Give an example of a continuous function with this property

Question

Find an example of a continuous function $f:\mathbb{R} \rightarrow \mathbb{R}$ with the following property,
For every $\epsilon >0$ there exists $\delta > 0$ such that $|f(x)-f(y)|< \epsilon\ $ whenever $x,y \in \mathbb{R}$ and $|x-y|< \delta$.
Now find an example of a continuous function for which the property doesn't hold.

Attempt;
From what I can gather , this question wants to functions, one that is continuous everywhere and when that is continuous but not everywhere continuous... is this correct?
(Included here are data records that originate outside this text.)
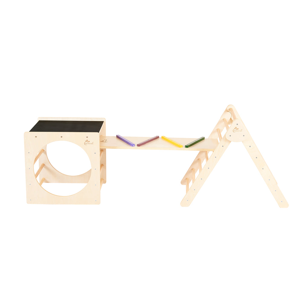 This Montessori-designed climbing structure encourages babies and toddlers to gain confidence, balance, stability, and strength at their own pace.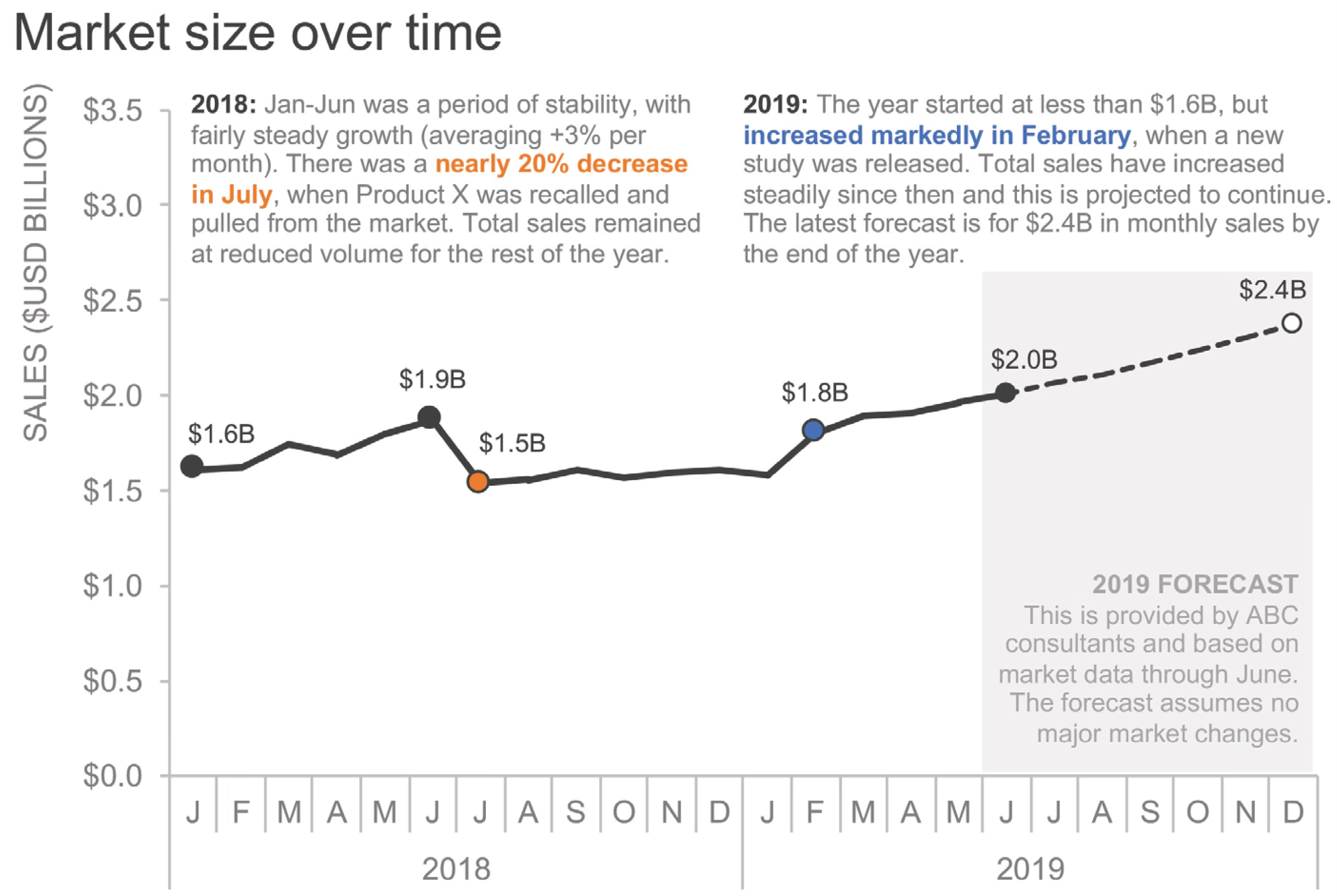 Exercise 15.3 (Market Size Over Time) Examine the time series visualization below showing market size evolution. Identify: 1. How continuity organizes perception of trends over time 2. How similarity (color, line style) distinguishes different data series 3. How enclosure or other principles separate and highlight key regions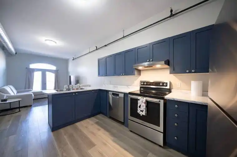 Welcome to 150 Colborne Street, Unit 407 – Downtown Brantford Living at Its Best! Step into style, comfort, and convenience with this fully renovated, loft-style 1-bedroom, 1-bathroom condo, ideally situated in the heart of downtown Brantford, directly overlooking vibrant Harmony Square. Whether you’re a first-time buyer, investor, or student, this stunning unit offers an unbeatable combination of modern living and prime location. Boasting high ceilings, a spacious private balcony, and sophisticated finishes throughout, this unit is designed to impress. The kitchen is a true showstopper, featuring rich navy cabinetry, ample storage and counter space, and stainless steel appliances – perfect for home chefs and entertainers alike. The open-concept layout seamlessly connects the kitchen, dining, and living areas, making entertaining both effortless and elegant. Step through French doors to your oversized balcony, large enough to accommodate outdoor dining or a cozy lounge setup – theperfect space to unwind while enjoying views of Harmony Square and all its seasonal events. The bright and airy bedroom is bathed in natural light thanks to a charming arched window and includes a generous closet. The updated 4-piece bathroom continues the modern aesthetic with stylish finishes and thoughtful design. Additional features include coin-operated laundry facilities conveniently located within the building, eliminating the need for off-site trips. The air conditioner was replaced in 2024. Location is everything – and this property delivers. Just steps from Wilfrid Laurier University’s Brantford campus, the Conestoga College campus, and the new YMCA/Laurier Recreation Complex. With countless restaurants, cafes, shops, and year-round festivals right outside your door, you’ll be at the centre of it all. Amazing opportunity to experience one of Brantford’s most dynamic and walkable neighbourhoods.

Function for which the property holds
$f(x)=x$ is continuous everywhere and so the definition holds for all $x,y \in \mathbb{R}$

Function for which property doesn't hold

Are these correct, have I interpreted the question correctly?
Any help would be much appreciated.

Answer 1

As has already been mentioned by Martin and Benjamin, the exercise is about a property called uniform continuity. The only (and crucial) difference between continuity and uniform continuity is that the $\delta$ in the definition of the former may very well depend on the point $x$, while in the latter it is uniform over all possible $x$'s in the domain.

To be clearer, the definition of continuity states: for every point $x$, for every $\varepsilon>0$ there exist $\delta$ s.t. $\vert x- y\vert <\delta\Rightarrow \vert f(x) - f(y)\vert < \varepsilon$. As you can see, the first thing you specify in the definition is the point $x$, so everything else after that may depend on it.

On the other hand, your exercise implicitly gives the definition of uniform continuity, and there the specification of $x, y\in \mathbb R$ comes after you find $\delta$ such that the property holds. Thus, $\delta$ does not depend on the points you have chosen.

As you can see from previous comments, even very smooth functions like polynomials ($f(x) = x^2$) need not be uniformly continuous, so this is intuitively a very strong property.

To give another possible answer to your question, $f(x) = c$, with $c$ constant is trivially uniformly continuous, while for example $g(x) = e^x$ is continuous but not uniformly so.